# LLaVA-OneVision-Qwen2-0.5B-OV

## Introduction

`llava-hf/llava-onevision-qwen2-0.5b-ov-hf` is a compact multimodal model built on top of Qwen2. It supports text-only generation together with image understanding, multi-image reasoning, and visual dialogue.

This document shows the main verification steps for the model on vLLM Ascend, including environment preparation, single-NPU deployment, functional verification, and the existing accuracy baseline used by the repository.

## Supported Features

Refer to [supported features](../../user_guide/support_matrix/supported_models.md) to get the model's supported feature matrix.

Refer to [feature guide](../../user_guide/feature_guide/index.md) to get the feature's configuration.

## Environment Preparation

### Model Weight

- `llava-hf/llava-onevision-qwen2-0.5b-ov-hf`: [Download model weight](https://huggingface.co/llava-hf/llava-onevision-qwen2-0.5b-ov-hf)

The verified single-card deployment uses one Atlas A2 NPU. It is recommended to cache model weights under `/root/.cache` in advance to reduce startup time.

### Installation

You can use the official docker image to run `LLaVA-OneVision-Qwen2-0.5B-OV` directly.
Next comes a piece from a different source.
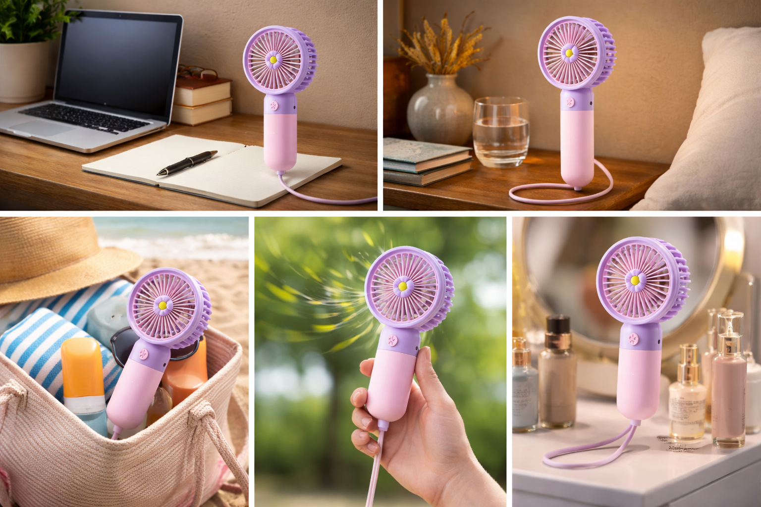 Ergonomik tasarımı ile elde rahat tutulur ve stand aparatı sayesinde masaüstü vantilatör olarak da kullanılabilir. Hafif ve kompakt yapısı sayesinde çantada kolayca taşınabilir.

Select an image based on your machine type and start the docker image on your node, refer to [using docker](../../installation.md#set-up-using-docker).

```{code-block} bash
   :substitutions:
export IMAGE=quay.io/ascend/vllm-ascend:|vllm_ascend_version|
docker run --rm \
    --name vllm-ascend \
    --shm-size=1g \
    --net=host \
    --device /dev/davinci0 \
    --device /dev/davinci_manager \
    --device /dev/devmm_svm \
    --device /dev/hisi_hdc \
    -v /usr/local/dcmi:/usr/local/dcmi \
    -v /usr/local/bin/npu-smi:/usr/local/bin/npu-smi \
    -v /usr/local/Ascend/driver/lib64/:/usr/local/Ascend/driver/lib64/ \
    -v /usr/local/Ascend/driver/version.info:/usr/local/Ascend/driver/version.info \
    -v /etc/ascend_install.info:/etc/ascend_install.info \
    -v /root/.cache:/root/.cache \
    -it $IMAGE bash
```

## Deployment

### Single-node Deployment

#### Single NPU

Run the following script to start the vLLM service on a single Atlas A2 NPU:

```bash
export MODEL_PATH="llava-hf/llava-onevision-qwen2-0.5b-ov-hf"

vllm serve "${MODEL_PATH}" \
    --host 0.0.0.0 \
    --port 8000 \
    --served-model-name LLaVA-OneVision-0.5B \
    --trust-remote-code \
    --gpu-memory-utilization 0.8
```

#### Multiple NPU

Single-NPU deployment is recommended for this 0.5B model.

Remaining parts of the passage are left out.